# New (old) cameras



## photogoddess (Jul 7, 2005)

I have no idea about any of these so, if anyone has any information, let me know if I scored anything interesting and any details I'd need to know to use them. 

Kodak Tourist Camera (620 film) with Deluxe Field Case (Serial # 104980-A) 

Olympus-Pen EES-2 (35mm) (Serial # 2952990) 

Graflex 22 Model 200 TLR (120 film) Graflex Graftar 85mm f3.5 On the lens, it says Century at the top. Wollensak for Graflex Inc Synchromatic on the bottom (Patent # 2495355) (Serial # 527273 etched very lightly inside the back.)

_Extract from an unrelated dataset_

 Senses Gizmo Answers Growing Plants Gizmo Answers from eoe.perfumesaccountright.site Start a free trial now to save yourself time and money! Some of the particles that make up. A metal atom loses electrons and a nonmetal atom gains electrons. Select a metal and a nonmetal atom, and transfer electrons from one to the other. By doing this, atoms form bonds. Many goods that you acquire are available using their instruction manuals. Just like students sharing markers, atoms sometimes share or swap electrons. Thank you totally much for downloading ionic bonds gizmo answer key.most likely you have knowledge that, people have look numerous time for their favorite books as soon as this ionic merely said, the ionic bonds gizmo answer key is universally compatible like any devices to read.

All three seem to be in nice condition but could use a good cleaning.


----------



## Mitica100 (Jul 8, 2005)

photogoddess said:
			
		

> I have no idea about any of these so, if anyone has any information, let me know if I scored anything interesting and any details I'd need to know to use them.
> 
> Kodak Tourist Camera (620 film) with Deluxe Field Case (Serial # 104980-A)


 
This can be a Tourist I or II, obviously using the 620 film. You can respool a 120 film onto a 620 spool if you have one. Here is how:

http://www.inficad.com/~gstewart/respool.htm

I don't know which lens combo you have but the Anastar is considered to be the better one. The other two are the Anaston and the Kodet. Worth taking a few shots with it. Need cleaning? Let me know what needs cleaning and I'll tell you how to do it.



			
				photogoddess said:
			
		

> Olympus-Pen EES-2 (35mm) (Serial # 2952990)


 
A pretty simple 35mm with zone focusing (as opposed to the EE model which has a fixed focus)



			
				photogoddess said:
			
		

> Graflex 22 Model 200 TLR (120 film) Graflex Graftar 85mm f3.5 On the lens, it says Century at the top. Wollensak for Graflex Inc Synchromatic on the bottom (Patent # 2495355) (Serial # 527273 etched very lightly inside the back.)


 
This is a fairly common TLR. The 'Century Synchromatic' refers to the type of lens/shutter combo, there was another one, the Graphex shutter. You might want to shoot a roll with it, just for fun.  Cleaning it? Let me know.



			
				photogoddess said:
			
		

> All three seem to be in nice condition but could use a good cleaning.


 
Values:

Tourist.....between $15 and $25

Olympus......between $35 and $50

Graflex 22......between $50 and $75


Hope this helps.


----------



## photogoddess (Jul 11, 2005)

That actually helps a lot.  When I have 5 free minutes, I'll drop you a PM about what kind of cleaning I'm gonna need to do. So far, they just look a bit dusty. Thanks a million! :mrgreen:


----------



## Mitica100 (Jul 12, 2005)

photogoddess said:
			
		

> That actually helps a lot. When I have 5 free minutes, I'll drop you a PM about what kind of cleaning I'm gonna need to do. So far, they just look a bit dusty. Thanks a million! :mrgreen:


 
Sounds good...


----------